Bonny Light Horseman’s 2020 self-titled debut had the dashing élan of the titular dragoon. On that album, Anaïs Mitchell, Josh Kaufman and Eric Johnson made a bright, American-hued sortie on the British traditional songbook, relocating its tales of doomed love and military adventure to somewhere closer to upstate New York. Although the trio’s second album, Rolling Golden Holy — with backing consolidated by JT Bates on drums and Mike Lewis on bass and occasionally saxophone — consists entirely of new compositions, the soundworld is a similar blend of acoustic guitar and harmony vocals. A newly acquired hammered dulcimer prickles its way through the songs as it is passed around from member to member.
In some songs the lyrics evoke a world more modern than the music. On “Summer Dream”, its references to “Tupelo honey” asserting a clear lineage to Van Morrison’s Woodstock residency, Mitchell seems to conjure an East Coast equivalent to Lana del Rey’s Californian imaginarium. “Smell of rolled cigarette,” she sings, her voice sharpening from the breathy chorus, Bates’s drumming lagging a microsecond behind the beat. “And your hair when it was wet/Drippin’ on the kitchen floor/Slippin’ through the screen door.”
In “California”, pushed by a triple guitar lead with mandolin to boot, Johnson sings one of the album’s prettiest hooks. The narrator and his love are “ridin’ . . . slippin’ and a-slidin’” — another nod to Morrison — and simultaneously trusting in and abandoning the land of plenty. “Comrade Sweetheart”, in line with the incongruous Brechtian juxtaposition of its title, moves from laced-up boots and loosened braids to the binding up of wounds.
There are callbacks to older songs as well. “Sweetbread”, which bubbles with banjo patterns and mumbling tenor saxophone from Lewis, is a take on the traditional “Jack of Diamonds”, the Texas gambling song popularised by Blind Lemon Jefferson.
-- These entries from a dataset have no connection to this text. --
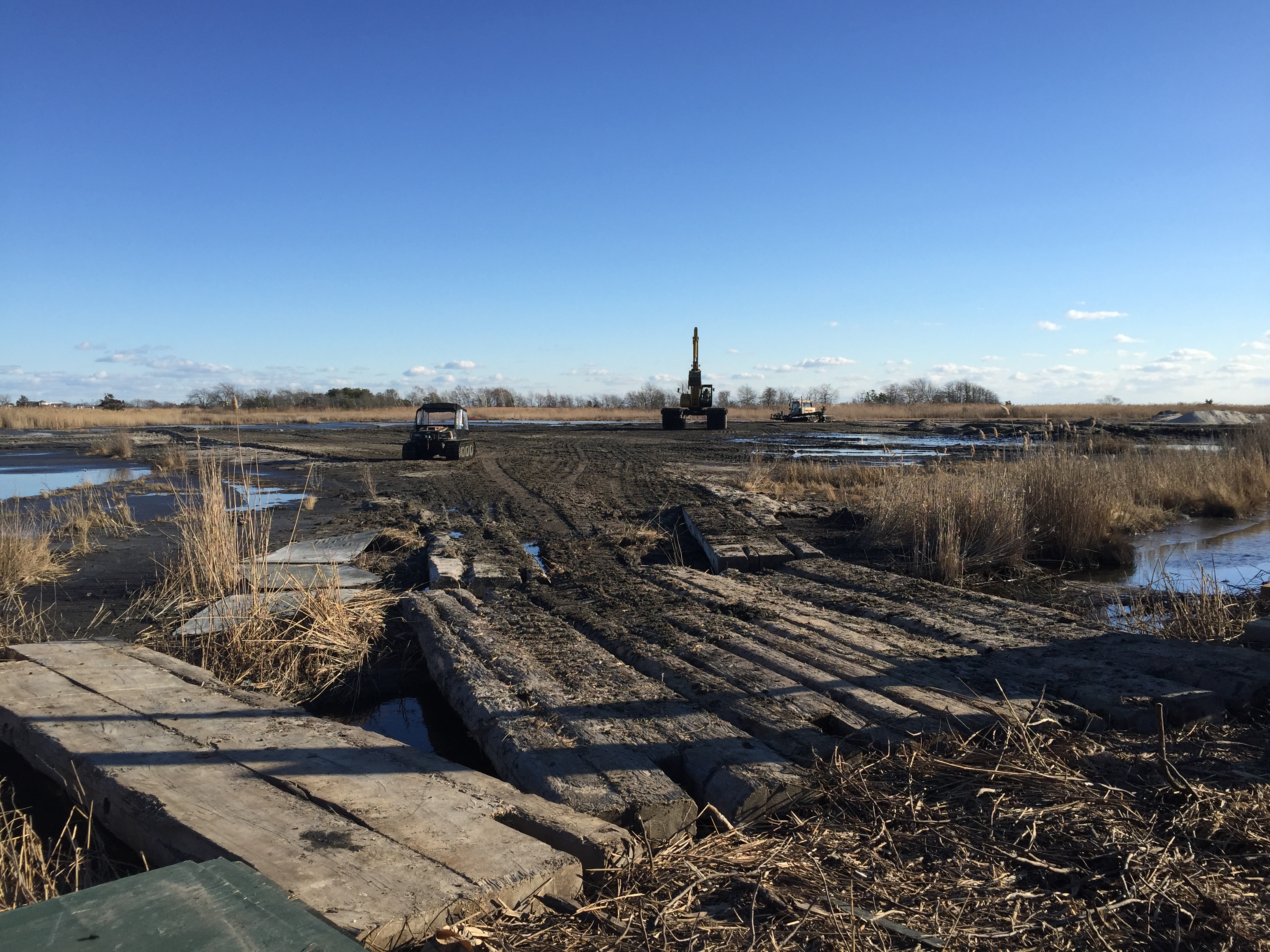Argo, Excavator, and Snowcat on Salt Marsh During Grading 2016 Wertheim
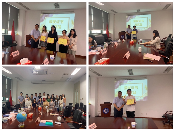 随后,色情片 党委副书记王宁宁老师宣布决赛结果。2020级硕士生李豪彬和2018级本科生汤栩懿分列一、二等奖,三等奖获得者为2020级硕士生张露予、万米阳和2019级硕士生刘艺朴。杨景瑞校友为获奖同学颁发了证书和奖品并合影留念。至此,第三季毕凯英才PPT大赛决赛活动圆满结束。
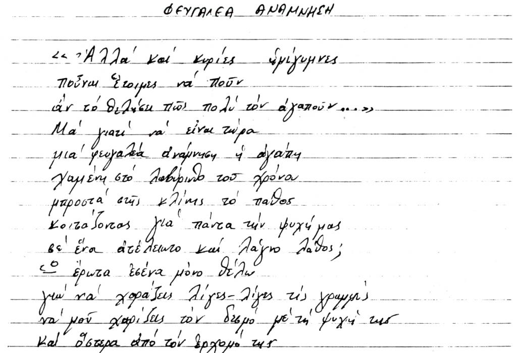 Παυλίδης Αντώνης Λ., «Αντώνης Λ. Παυλίδης. Μικρό αφιέρωμα. Φευγαλέα ανάμνηση», Εταιρία, τχ. 3 (Φεβρουάριος 1990), σ. 8-9
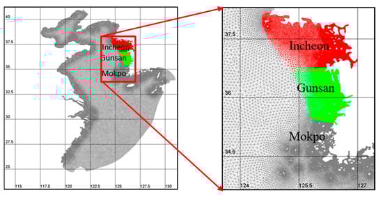 The WCK was divided into three different sub-regions—Mokpo (M), Gunsan (G), and Incheon (I)—as shown in Figure 7, for applying different bottom friction coefficients. The borderline of this sub-regions was set based on a water depth contour of around 50 m. Different values of bottom friction coefficient were applied with regards to the geographic characteristics.
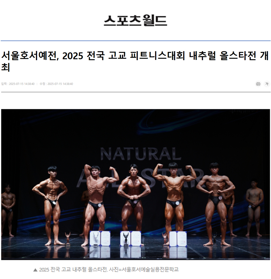서울호서예술실용전문학교(이하 서울호서예전) 스포츠건강관리계열이 주최·주관한 전국 고교 피트니스 대회 ‘2025 전국 고교 내추럴 올스타전’이 지난 7월 12일 토요일 서울호서예전 예술관에서 개최됐다고 15일 밝혔다.
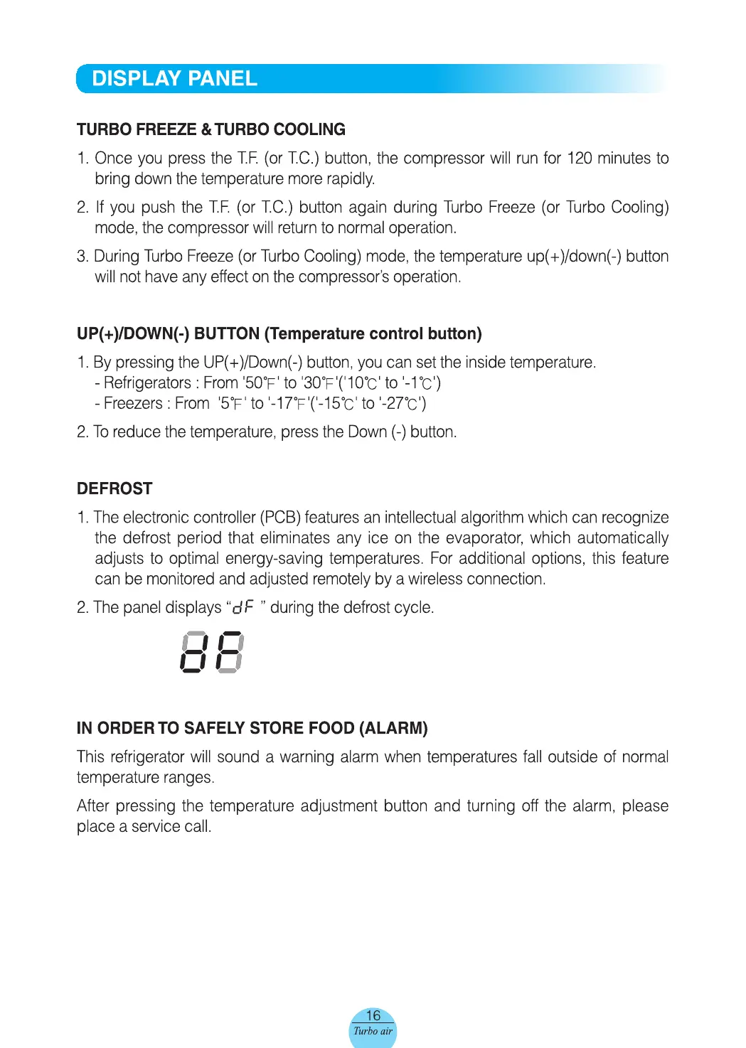 Bekijk gratis de handleiding van Turbo Air TGF-35SD-N, stel vragen en lees de antwoorden op veelvoorkomende problemen, of gebruik onze assistent om sneller informatie in de handleiding te vinden of uitleg te krijgen over specifieke functies.
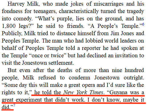 Well Harvey Milk refused to condemn the events at Jonestown for some VERY ODD reason.
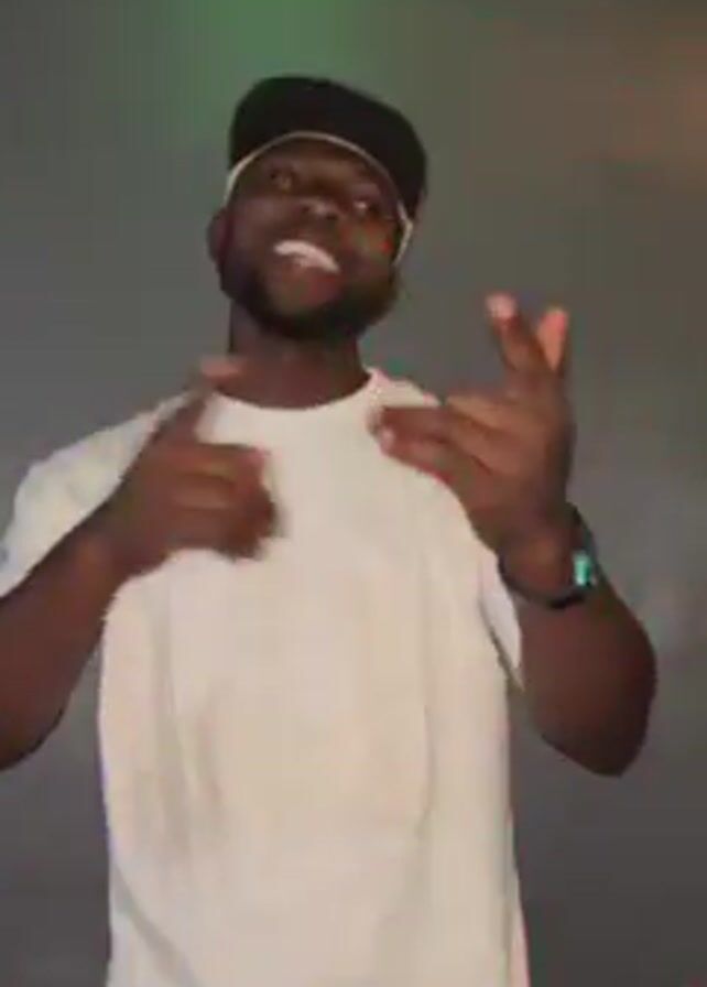 A DJ is performing in a dimly lit club or event space. The DJ, a Black man with a beard, wears a white T-shirt and a black and white baseball cap. He is standing behind a professional DJ mixing console. The lighting is variable, shifting between red, purple, and white. The DJ is gesturing with his hands, dancing, and looking at the camera as he interacts with the music. The background is a plain gray wall.
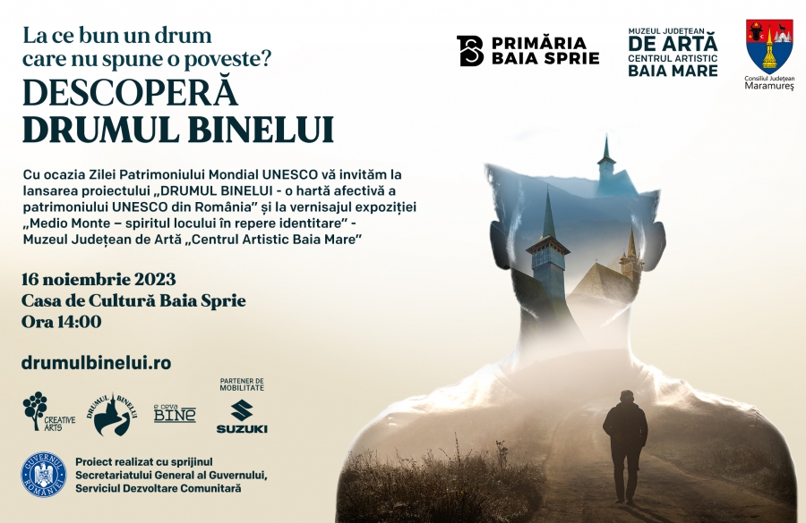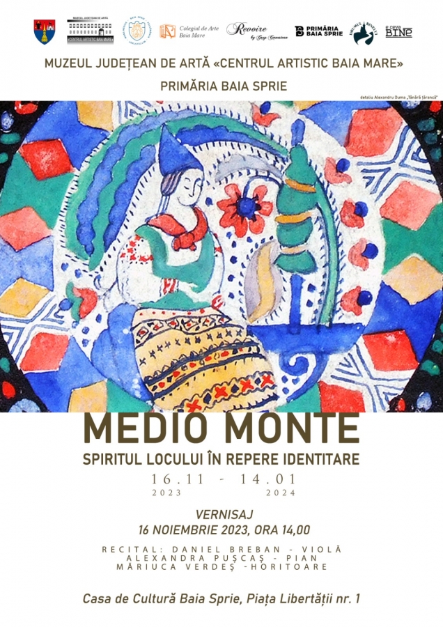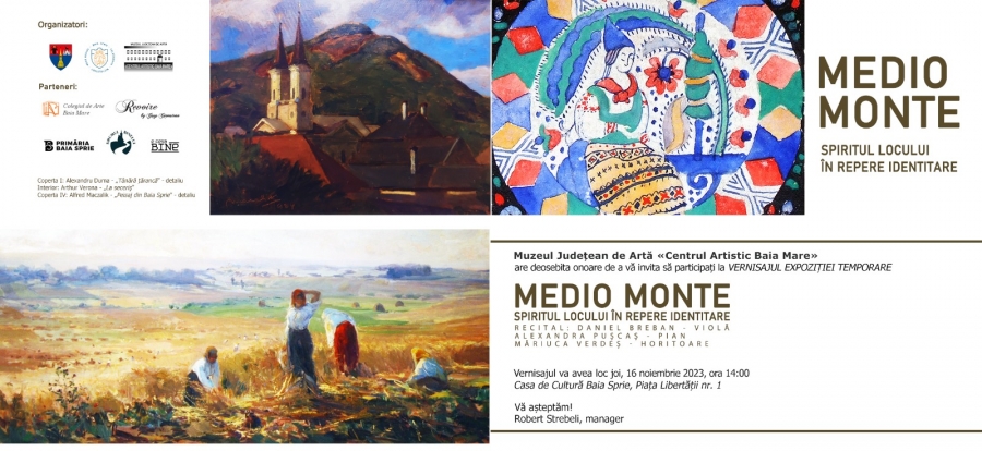 Joi, 16 noiembrie, începând cu ora 14:00, la sediul Casei de Cultură din Baia Sprie va avea loc vernisajul expoziției temporare «Medio Monte – spiritul locului în repere identitare», organizată de Muzeul Județean de Artă «Centrul Artistic Baia Mare» în colaborare cu Primăria Orașului Baia Sprie și Asociația „E Ceva Bine” – București.

The original song (at least in its 20th-century incarnation) features a railroad engineer; here the central character is driving “just to ride the road/Engines running”. Mitchell and Johnson chorus, cynically, hedonistically, “Blue sky, Lord, when I die”.
“Someone to Weep For Me”, like a fable by Ambrose Bierce, interpolates the old hymn “Nearer My God to Thee”, placing it in the mouth of a 19th-century cavalryman, dreading his fate and dreaming of Jacob’s Ladder. And “Fair Annie” wraps a response to the bleak Child ballad of the same name in another extravagantly pretty melody, rendering it timeless and clear.